Selain itu, kendala kemampuan membayar juga menjadi faktor tantangan di industri ini untuk dapat merekrut talenta terbaik. Terlepas dari segala tantangan, AASI memproyeksikan bisnis asuransi syariah masih menjanjikan.
“Bicara prospek bisnis perasuransian syariah ke depannya, tentunya masih sangat menjanjikan dengan luasnya room for improvement,” lanjutnya.
Hal ini terlihat dari langkah pemerintah yang mulai melirik asuransi syariah, mulai dari keterlibatan dalam menjamin barang milik negara. Apabila ke depan, kata Erwin, pemerintah dengan kemampuan mengatur regulasi dan mengembalikan porsi asuransi syariah dalam tatanan ekosistem halal maka industri ini akan terus melaju.

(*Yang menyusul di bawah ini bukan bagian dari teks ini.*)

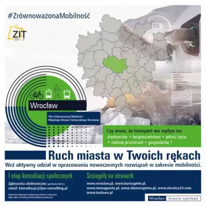 Rusza pierwszy etap konsultacji społecznych dotyczących Planu Zrównoważonej Mobilności Miejskiego Obszaru Funkcjonalnego Wrocławia, obejmującego między innymi gminę Miękinia.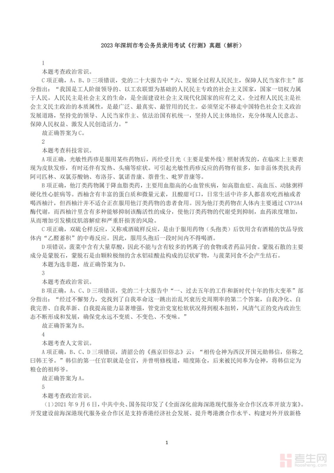 2023年深圳市考公务员录用考试《行测》真题(解析)

"Industri asuransi syariah akan berkembang dengan sendirinya, tanpa perlu melakukan ‘kabinalisme’ terhadap bisnis konvensional,” pungkasnya.
Senada, Ketua Sekolah Tinggi Manajemen Risiko dan Asuransi (STIMRA) Abitani Taim melihat potensi bisnis asuransi syariah ke depan masih sangat besar. “Tinggal sejauh mana komitmen perusahaan asuransi syariah untuk mengembang usahanya, tentu dengan dukungan dan kepastian aturan dari OJK,” tuturnya.
Baca Juga
Adapun tantangan yang dihadapi asuransi syariah adalah belum banyaknya pelaku industri, masyarakat serta pembuat kebijakan yang memahami industri ini, salah satunya karena masih berpacu pada ekosistem yang cenderung mirip dengan produk asuransi konvensional.
“Produk asuransi syariah yang ditawarkan mirip dengan asuransi konvensional. Jadi seperti tidak ada perbedaan antara konvensional dan syariah,” tutup Abitani.